1-7 or 1-8 would be best for those longer length bullets, my 1-10 Rem 700 will not stabilize anything over 62 very well, 70gr. bullets will keyhole the target.
I am building mine with a 1-8 twist and should handle anything from 62-80grs. fairly well.


----------



## RamblinWreck (Dec 19, 2011)

Hornady 75s will probably work in 1-9, 77s may or may not. I always use 1-8 or 1-7 barrels.

I do have a couple Pac-Nor 1-6.5" twist 3-groove stainless AR barrels that hammer with just about anything from 52 to 90 Grains (Sierra 90 GN HPBT Match King). I never could get a better score with the 90s at 600 yards (a friend does well with them in the same barrel). I am sticking with my usual, the 82 GN Berger HPBT or Sierra 80 GN Match King, for 600 yard comp.


----------



## bigreddwon (Dec 19, 2011)

We haven't had any problems with 1-9 with the 75's.


----------



## Tank1202 (Dec 21, 2011)

Have any of you guys that guide, seen or used the Winchester Razorback XT. It is made for 308 and 223. The web site says early 2012. It sounds like a real good round. Just was wondering if they might have gave some out to Hog Swat or Jager Pro.


----------



## bigreddwon (Dec 22, 2011)

Tank1202 said:


> Have any of you guys that guide, seen or used the Winchester Razorback XT. It is made for 308 and 223. The web site says early 2012. It sounds like a real good round. Just was wondering if they might have gave some out to Hog Swat or Jager Pro.
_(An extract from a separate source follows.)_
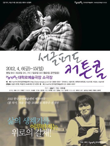 그러던 중 젊은 남자의 아이를 가진 우람의 엄마 ‘정란’이 임신한 채 ‘커튼콜’을 찾고, 반지와 정란은 카페에 남겨진 대본을 통해 연극놀이를 하며 서로 비슷한 처지임을 인식하게 된다. 이후 우람의 일방적이면서도 강압적인 사랑표현에 상처받은 반지를 정란이 감싸주며 둘은 둘 만이 해줄 수 있는 위로를 통해 삶의 의지를 다진다. 작품이 뜻하고자 하는 바는 관객에게 쉽게 어필된다. 작품 구조가 단순하고, 후반부 관객들의 귀에 쏙쏙 들어오는 대사들은 연극이 말하고자 하는 바를 명확하게 전달한다. 특히 연극의 커튼콜에 비유한 “누구나 사는 건 이렇게 절박한데, 행복이나 이해를 바랄 수는 없어도 서글픈 인생에 ‘수고했다’ 박수 받을 수 있을까요?”라는 대사가 인상 깊다. 하지만 작가의 첫 작품이어서 일까?<서글퍼도 커튼콜>은 대중연극으로는 자리매김할 수 없는 분명한 한계점도 드러냈다.

> The Razor Back is the first round completely designed with the hog hunter in mind. The bullet is lead-free, so that it can be used in every state (CA DFG certification is in the works). The initial release will be in 150 gr .308 and 64 gr .223, and is intended to make the round available for the growing AR market, as well as traditional rifles in these calibers. More calibers will be added to the line after it is rolled out.
> 
> The design of the bullet provides a deep, hollow point in a beveled profile to control the expansion. Full expansion is intended to occur shortly after impact, so that the bullet can penetrate the thick hide, big bones, and cartilage shields that hogs are known for. On this hunt, I didn’t see any pass-through body shots, but it was apparent that the bullets were hitting hard and delivering plenty of energy.
> 
> For the depredation hunter shooting at night, and for the sport hunter who may shoot at first or last light, Winchester has developed a powder that delivers a reduced flash. This allows the shooter to stay on target and not experience the night blindness that sometimes comes with a bright muzzle flash.



I like the 'sound' of it. A 64g is going to work well in any 1-9 twist as well. I'll check these out and get back with some info.


----------